Improvvisatevi assaggiatori
Poche regole per capire, una volta a casa, se la colomba che avete servito è un buon acquisto o meno.
L’apparenza. Non sempre l’aspetto inganna. Per il test è fondamentale osservare l’aderenza al pirottino (la carta che protegge la base e parte dei fianchi della colomba): a tale scopo si misurano i centimetri di sviluppo del centro della colomba. Una volta tagliato il dolce, si controlla invece che la crosta non appaia slegata dalla pasta. Altra verifica fondamentale è quella dell’alveolatura, ossia dei buchi che si creano nella pasta per l’azione dei gas sviluppati con la lievitazione. Le imperfezioni, in questo caso, sono segnalate dalla presenza di bolle, grumi o buchi troppo grandi.
Un’occhiata finale, prima dell’assaggio, va data alla glassa che ricopre il dolce. Quella perfetta copre bene, è regolare e senza bruciature, appare liscia con mandorle e granella distribuite in modo omogeneo.
Nel cuore del dolce.
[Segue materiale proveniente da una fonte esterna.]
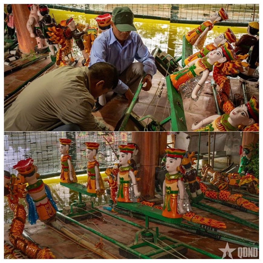 Wanneer de traditionele muziek klinkt, lijken de houten poppen een ziel te hebben. Ze glijden snel over het wateroppervlak, onder de bekwame controle van de ambachtslieden die zich achter de bamboegordijnen verschuilen. Achter de flexibiliteit en levendigheid van elke pop gaat een proces van hard werken, goede coördinatie en bekwame techniek schuil. Ze bewegen vakkundig, trekken aan de touwtjes, creëren ritmische bewegingen, blazen elk houten personage tot leven en reconstrueren volksverhalen en taferelen uit het dagelijks leven op het Vietnamese platteland op een levendige en aantrekkelijke manier.
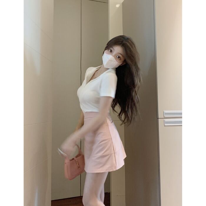 Hot zipper white polo collar short-sleeved T-shirt women's summer 2022 new slim slim chic short top ショート ホワイト サマー 夏物 スリム Tシャツ 0921920075017681
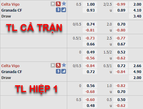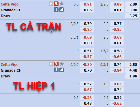 Tỷ lệ chính của trận đấu vẫn đang được duy trì ở mức chấp 1/2 của Celta Vigo như thời điểm chúng tôi cập nhật trước đây nhưng điểm ăn của đội chủ nhà đã được điều chỉnh tăng rõ rệt thời gian vừa qua. Diễn biến tương tự bên phía tỷ lệ tài xỉu khi mốc 2 1/4 vẫn được duy trì là mốc chính của trận đấu nhưng điểm ăn của cửa tài có xu hướng tăng điểm.
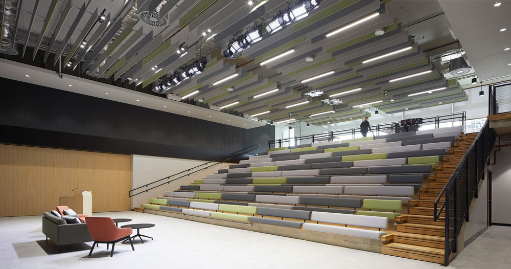 At Unity Place, a mixed-use head office building for Santander UK rubs shoulders with public realm spaces including a food market, auditorium and university learning spaces.
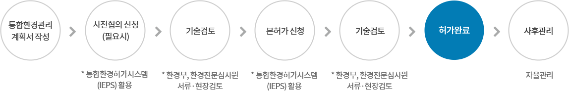 - 통합환경관리계획서 작성 후, 사전협의와 본허가를 통해 기술검토를 완료한 뒤 환경부의 최종 허가승인(허가완료)을 받게 됩니다.
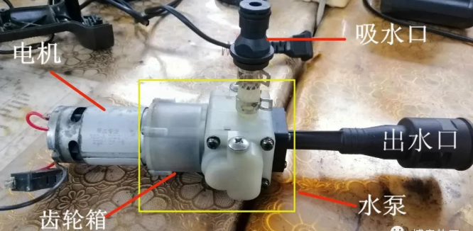 6月份,在使用过程中发现有一台冲洗机出现了故障,电机转但不出水,由于夏天冲洗空调使用频繁,少一台对现场工作效率会有一定影响。于是,我们抽时间对冲洗机进行解体检查。(下图为主要部件电机和泵)
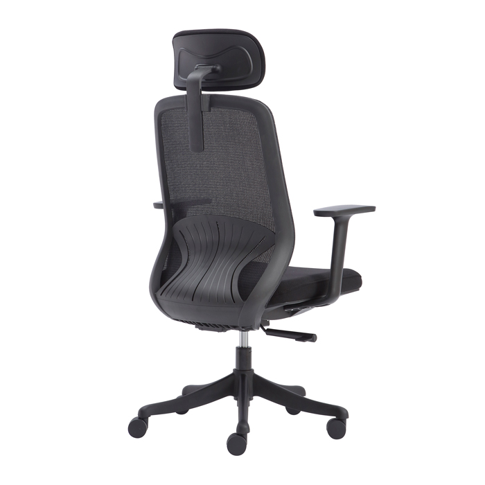 - Tay ghế làm bằng nhựa, thiết kế hình chữ T cách điệu mang lại sự hiện đại cho không gian văn phòng.
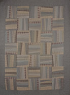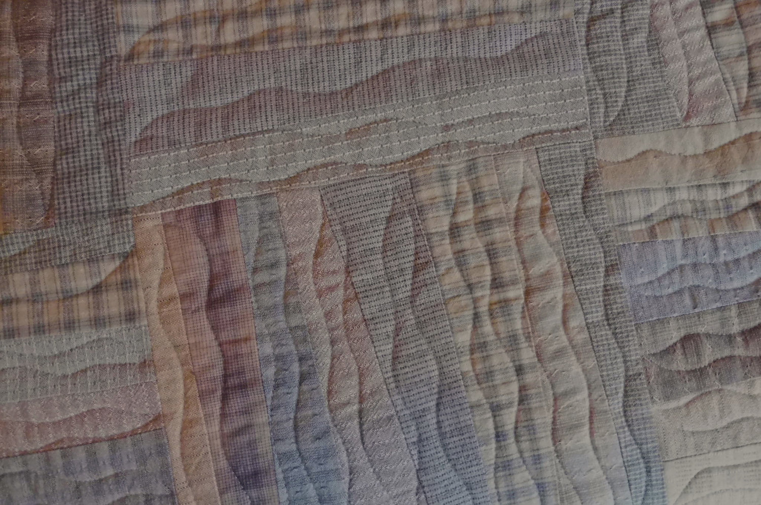This quilt features the very popular Japanese yarn dyed fabrics in a range of muted blue, warm grey, muddy tan and taupe.  The pattern is called A Bit Askew - a simple, modern version of the traditional Rail Fence - and was designed by Janine Burke of Designs by jb.  My shop sample is being sold with permission.  This quilt measures 56" x 67" and is appropriate for a throw quilt. Details of the professional machine quilting can be seen in the closeup photo.
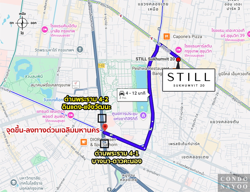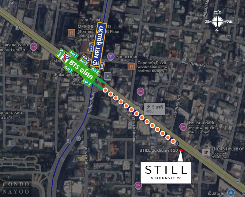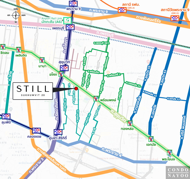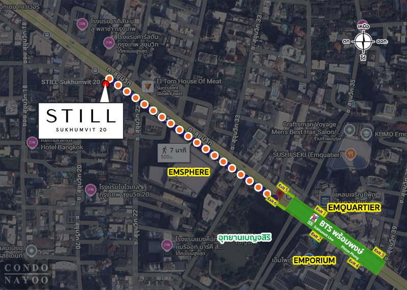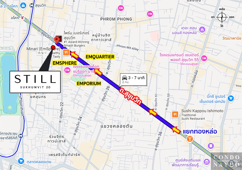 แยกทองหล่อ ⇒ ถนนสุขุมวิท ฝั่งขาเข้า ⇒ BTS พร้อมพงษ์ ⇒ EMSPHERE 200 ม.* ⇒ ถึงโครงการ STILL สุขุมวิท 20 ทางฝั่งซ้ายมือ ติดซอยสุขุมวิท 20*

Una volta aperta la colomba bisogna pazientare ancora prima di concedersi la degustazione. La prima osservazione riguarda l’odore che si percepisce appena tolto l’involucro in cellophane. Il profumo deve mantenersi nel difficile punto di equilibrio tra sentori intensi ma non pungenti.
Finalmente è il momento dell’assaggio. La prima considerazione è sulla consistenza della pasta, che al palato deve presentarsi soffice, non gommosa, e non deve dare sensazioni di difficoltà nella masticazione e nella deglutizione.
È la volta poi della prova-sapore. Anche in questo caso la colomba deve dare segno di equilibrio. L’ideale è la pulizia del gusto, ossia l’assenza di note anomale e l’emergere di un sapore ricco e rotondo.
Per chi li apprezza, prendiamo in considerazione anche i canditi. I migliori risultano morbidi all’assaggio, non ricordano sapori fermentati o salati e lasciano in bocca un retrogusto piacevole e persistente.